A grand achievement in emotional game design

Neva will make me cry It almost happened at Summer Game Fest, as the game’s intro cinematic cut to black a minute into my time with the demo. I won’t reveal what happened in those first shots, but it broke my soul. It also perfectly prepared me for the heart-pounding danger and devastating beauty I would lose myself in for the next 45 minutes with my new best friend Neva the monster.


Nomada Studio

Every aspect Neva it’s breathtaking. It looks like a vivid watercolor illustration: Alba, the protagonist, has long, slender limbs, clouds of silver hair, and a flowing red dress that drapes gracefully behind her with every jump and fall. Neva is a furry and energetic young white wolf, and the two share a close bond that has been reinforced and tested many times in the demo.

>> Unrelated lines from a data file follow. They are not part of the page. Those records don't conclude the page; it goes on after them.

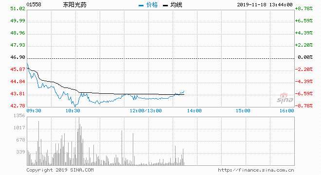 【東陽光(600673)、股吧】(600673,股吧)藥(01558)現(xiàn)價跌6.82%,報43.7元,盤中低見42.6元,穿廿天線(約46.227元);成交約398萬股,涉資1.75億元。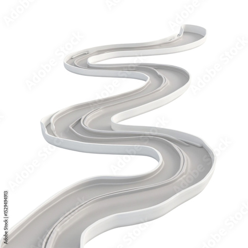Winding Grey 3D Rendered Road Track or Path Element on Transparent Background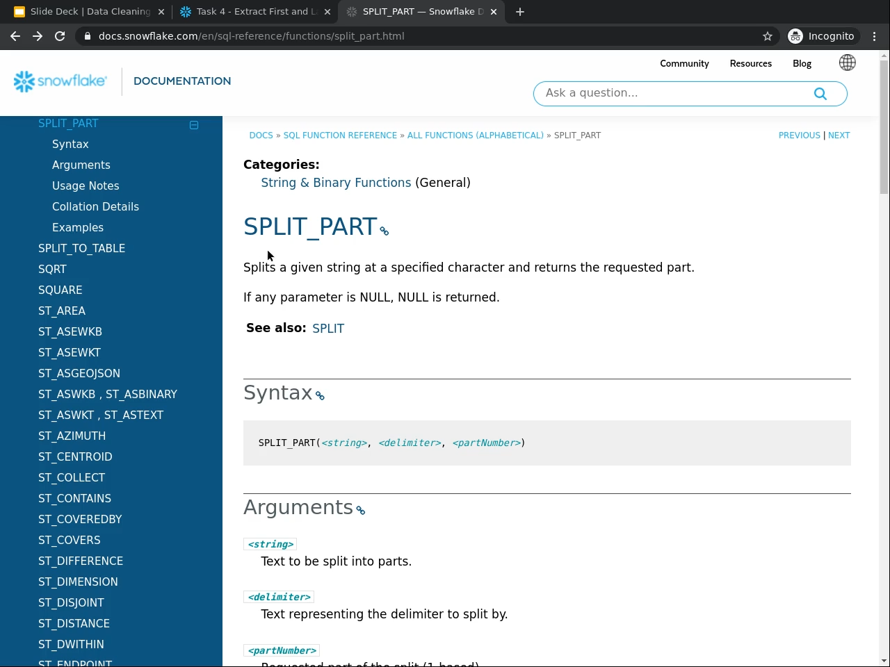 Use Snowflake UI to identify data quality issues then use SQL String functions to remove unwanted characters and split rows into multiple columns.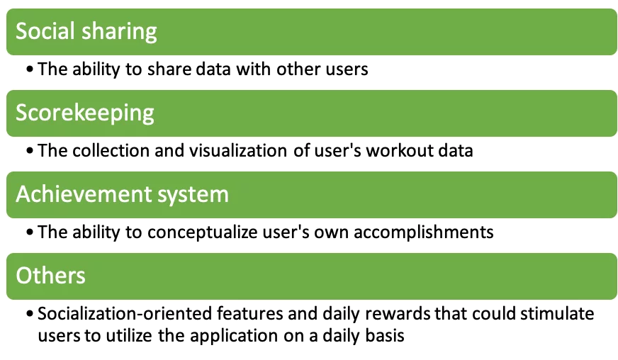 The idea of utilizing video games for fitness purposes is not a recent development, as games like Nintendo’s Wii Sports have already demonstrated their potential. However, concept of fitness gamification, defined by Wylie (2010) as “employing game components to motivate individuals to reach their personal health goals” (p.1) has only recently emerged alongside smartphones and mobile applications. Wylie has identified four elements of gamification that are commonly found in successful self-tracking applications: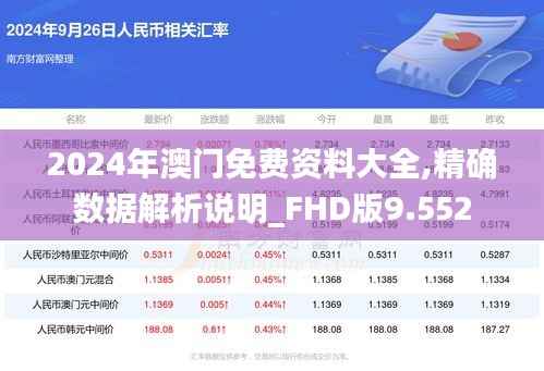 2024年,澳门特别行政区作为中国的两个特别行政区之一,其经济文化以花样繁盛、博彩业发达而闻名于世。随着全球信息时代的发展,众多网民越来越关注澳门的资料数据。这篇"2024年澳门免费资料大全,精确数据解析说明_FHD版9.552"涵盖了澳门的信息资源、旅游资源、经济数据分析以及人文特色等内容,为广大读者提供一个全方面的澳门资料库。同时,在数据严谨性和实用性的基础上,精确解析澳门2024年各领域情况,一同探索澳门的发展变化。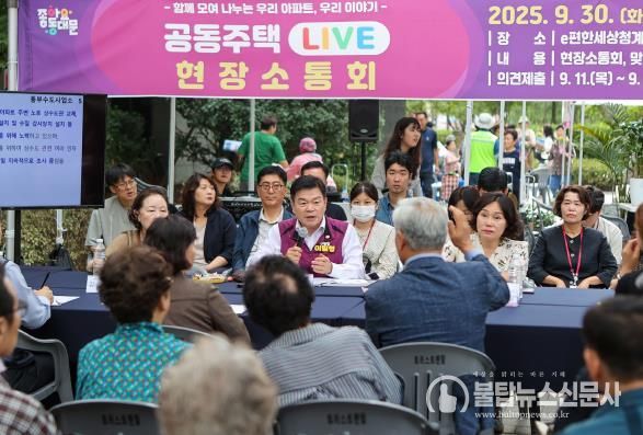 불탑뉴스신문사 차복원 기자 | 서울 동대문구는 지난 30일 e편한세상 청계센트럴포레 아파트에서 ‘2025 공동주택 LIVE 현장소통회’를 개최했다. 지난 6월 래미안미드카운티에서 열린 첫 소통회에 이어 두 번째로 마련된 이번 행사는 구청장이 직접 현장을 찾아 입주민과 소통하며 공동주택 현안을 논의하는 자리로 진행됐다.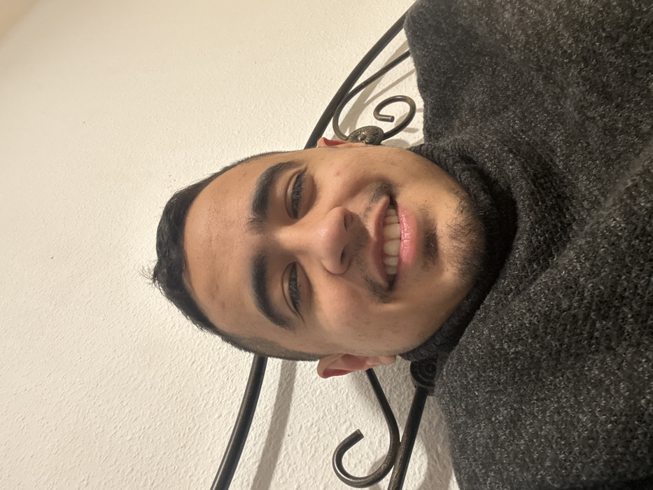A man smiles at the camera while lying in bed. He has short, dark hair, brown eyes, and stubble on his face. He is wearing a dark grey turtleneck sweater. The background is a plain white wall and a decorative wrought iron headboard. The image is rotated slightly counterclockwise.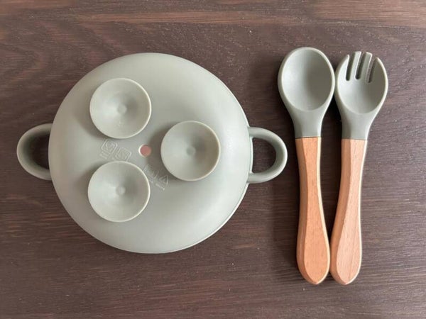 De set wordt geleverd met een lepel en vork met een houten handvat en siliconen uiteinde, perfect afgestemd op kleine kinderhandjes.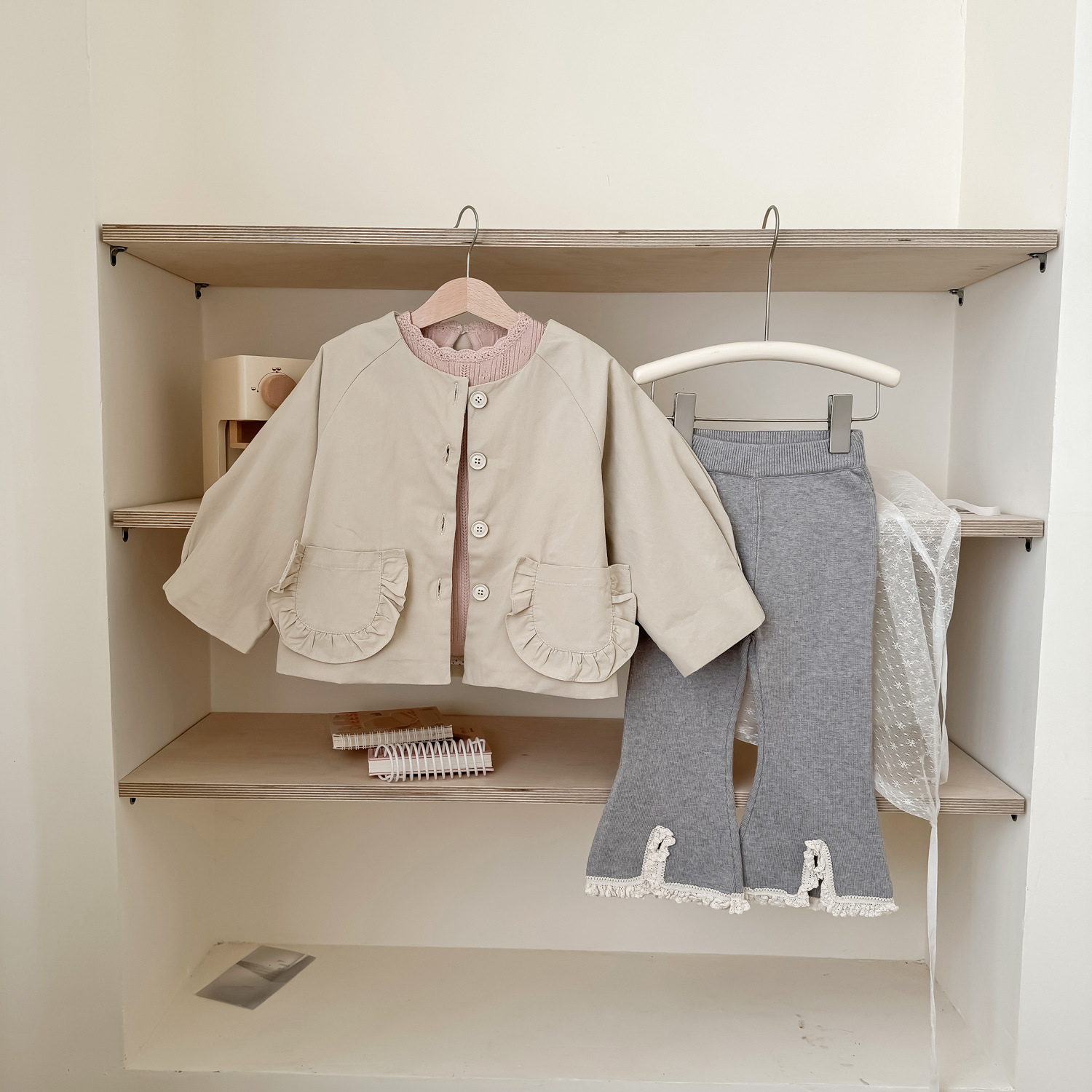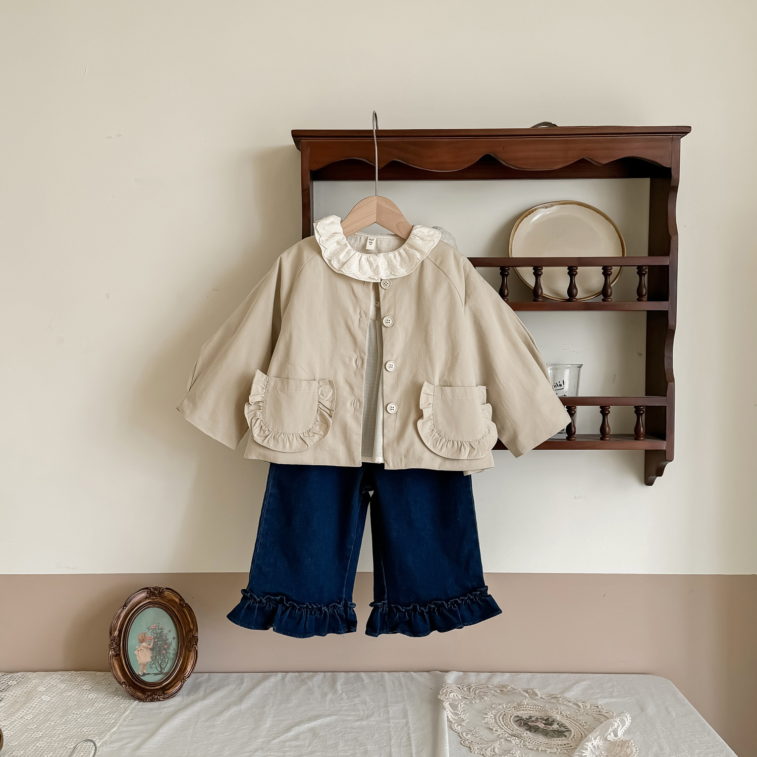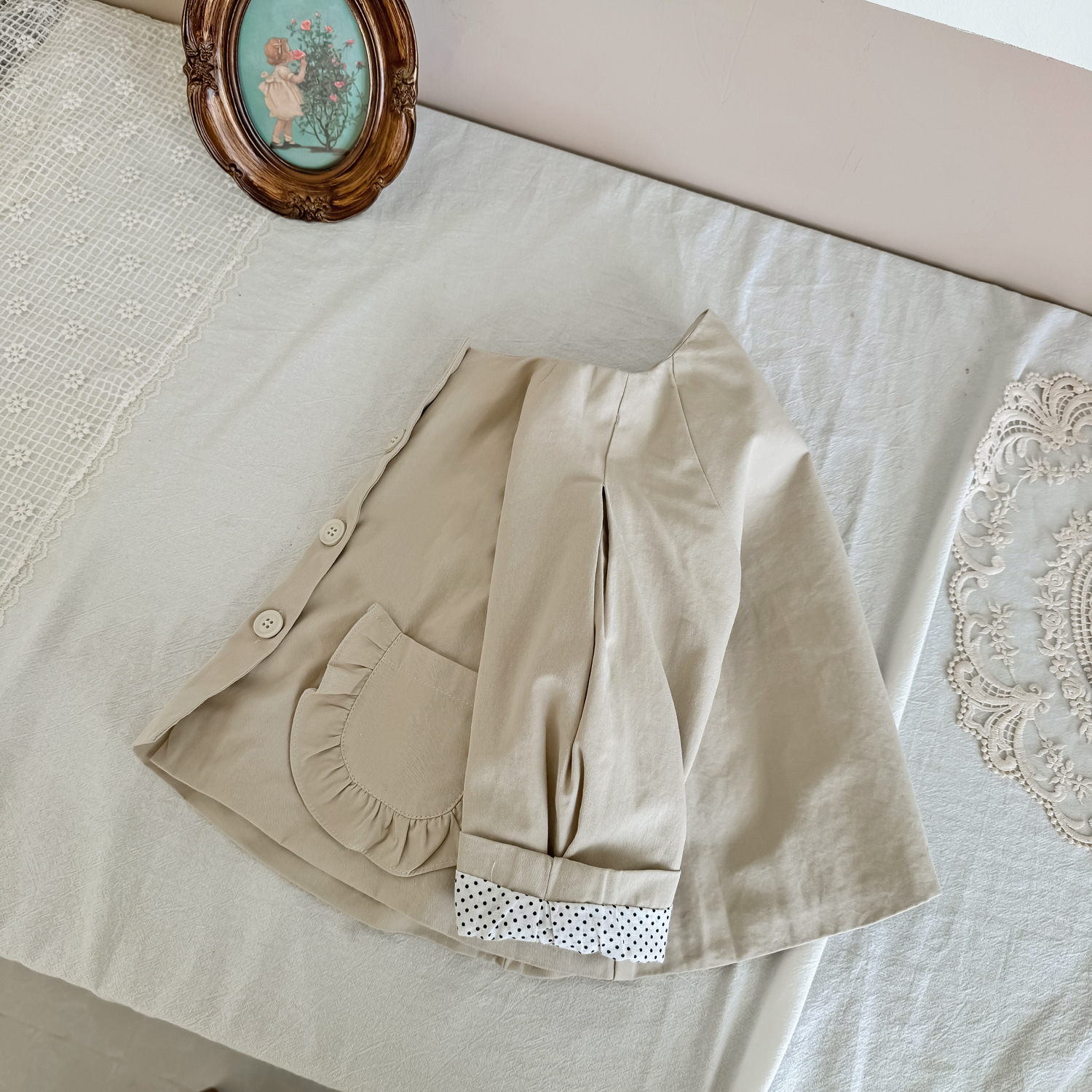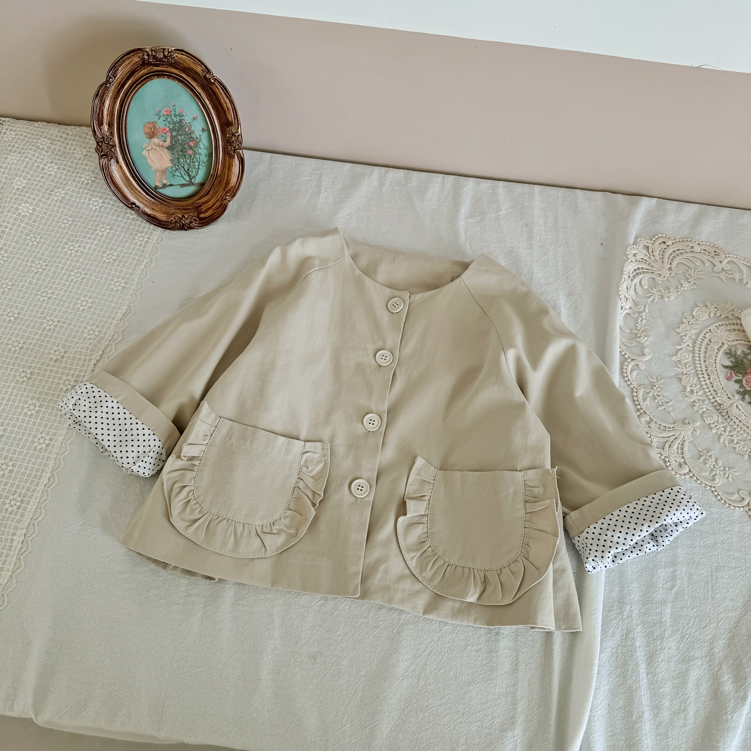 25 봄 가을 신상 여아 트렌치 코트 한국 스타일 가을 여아 재킷 카키색 능직 더블 레이어 재킷스토어 가기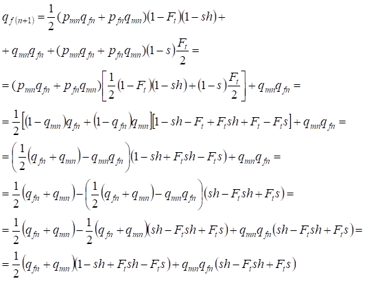 where pmn is the dominant alleles A frequency in generation n at men and pfn - at women. For the recessive alleles a accordingly qmn and qfn . Besides it is used qmn =1 - qmn and pfn = 1 - qfn.

The world Neva It feels a little more substantial compared to Gris, the game that put Nomada Studio on the map in 2018, but it’s still full of layers of magic. The landscapes beyond the 2D plane through which Alba and Neva flow have incredible depth – dense forests hiding secrets and mountain ranges rising above wide valleys, sharp peaks piercing the sky in the distance. The show features lush glades covered in vines and weeping branches, sunlight streaming through gaps in the leaves, as well as cave systems with dark, dense corridors. On time Neva takes a Frank Lloyd Wright approach to design, pushing players through claustrophobic forests that suddenly burst into fields of thick green grass, the camera pulling back to show just how small Alba and Neva really are in this setting.


Nomada Studio

Trees, leaves, rocks and roots make up the game’s side-scrolling playground, with sloping platforms and floating islands built mostly from stone. Touches of fantastical alien technology appear with increasing frequency as the show progresses, like hordes of complex black enemies with round white faces, mouths opening in silent screams.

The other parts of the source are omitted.